The beneficiaries include Venevisión, Meridiano TV, IVC, and the Chavista channels La Tele Tuya, and the state broadcaster TVES.

Polar, which knows how to play a strong hand, would not only be guaranteed an advertising presence in all national media; but it would also force the TVES channel to broadcast advertising for Polar, a company that has endured persecuted on the part of the dictatorship.

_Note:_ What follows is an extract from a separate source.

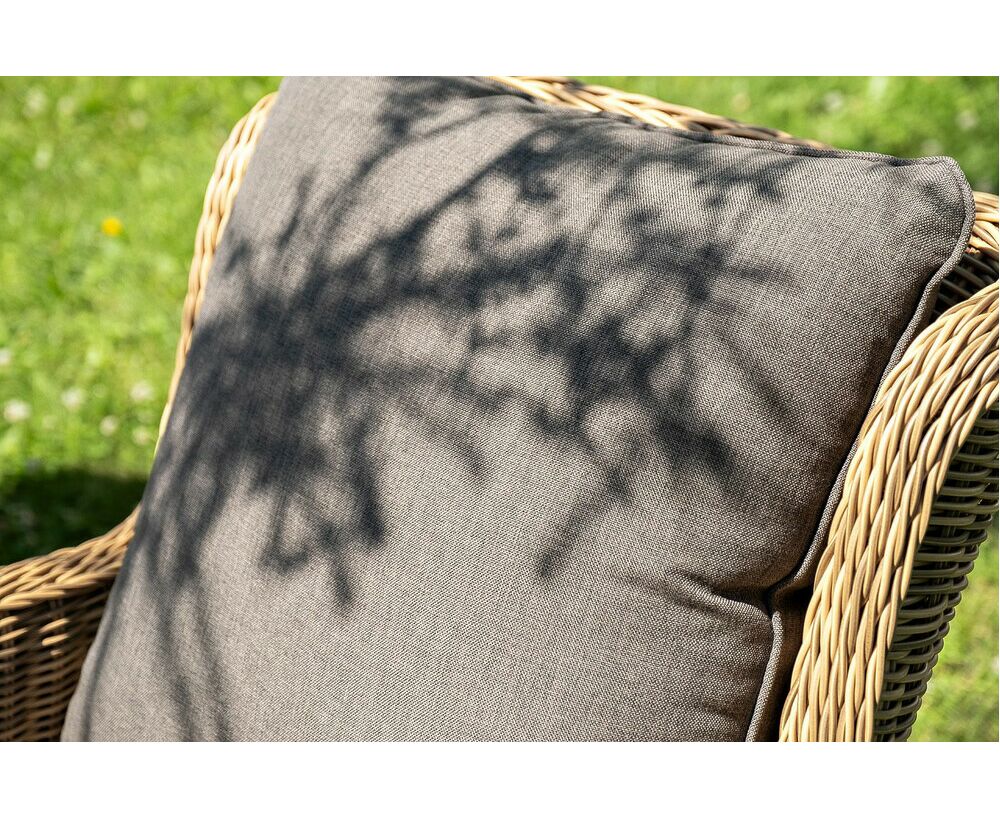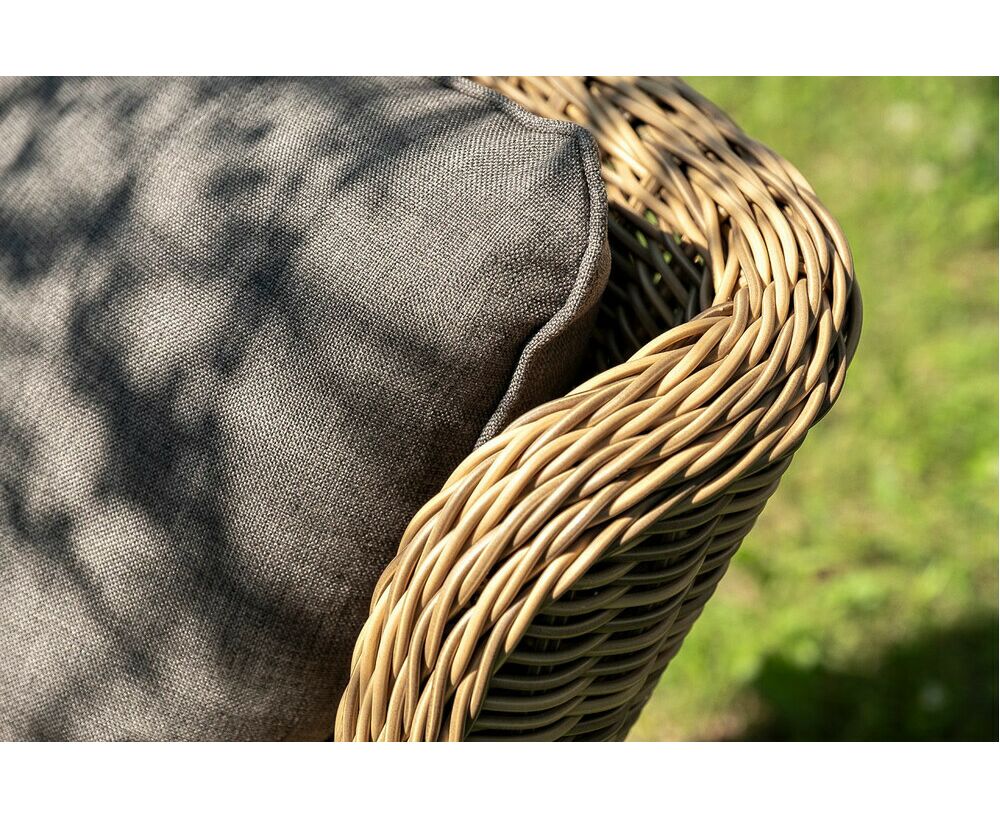 Вся мебель изготовлена из долговечного и легкого алюминия, обтянутого синтетическим ротангом. На столе для удобства эксплуатации предусмотрена столешница из ударопрочного закаленного стекла 5 мм. Стулья укомплектованы подушками на сидениях и на спинках.

Of course, the deal will only proceed if the official channel agrees to transmit the World Cup.

The strategy is also beneficial for television channels in that they would not have to spend large sums, or incur expenses for the design and production of advertising.

Empresas Polar generates at least 35,000 direct jobs and has 29 plants that produce 500 types of products under the name of 40 different brands; among them, the famous Polar beers and the traditional PAN flour used to make arepas, the most popular food in Venezuelan gastronomy.

In addition, it is one of the few companies that has been able to survive in the face of the Chavista socialist dictatorship, which has been characterized by onerous foreign exchange controls, price controls, and burdensome audits.

According to data from 2016, Polar generates 3.3% of the country’s non-oil production and its companies have paid the treasury USD $23 billion in taxes since 2003.

During the revolution, Polar has remained a target

The owner of Empresas Polar, Lorenzo Mendoza, has been constantly threatened with criminal prosecution by the state and even Nicolás Maduro has referred to him as “El Pelucón”, a word with negative connotations that denotes an association with the aristocracy.

On several occasions, Maduro has dedicated part of his television broadcasts to accuse the owner of Empresas Polar of a supposed “economic war”, and has described him as a “parasite, oligarch and pelucón”. However, the Chavez government has never shown any proof that Mendoza has violated the law.

Since the former president of Venezuela, Hugo Chávez Frías, came to power, he saw Polar as a tempting company to expropriate, and began a massive public relations barrage to besmirch the company, referring to the company and its owners with repeated insults, threats, and slanders.

In 2012, for example, the government ordered the immediate expropriation of 105 plots of land throughout the country for the construction of houses, among which were Polar Companies’ warehouses.

Chávez ordered the removal of Polar warehouses from the center of Barquisimeto, capital of Lara state, which included warehouses of the Pepsi Cola brand distribution system, in order to build housing projects.

Empresas Polar then called the measure “arbitrary, unnecessary and unjust” and asked the Supreme Court to annul it, alleging that the property in question pertained to a “strictly industrial and commercial” zone, where the residential use was prohibited.

The case of the expropriation of Polar property in Barquisimeto was the catalyst for presidential candidate Henri Falcón, who was also governor of Lara state at the time, to dissociate himself from the ruling party.

Falcón lost to Maduro in this weekend’s presidential elections, which were widely derided as fraudulent by the opposition and international community.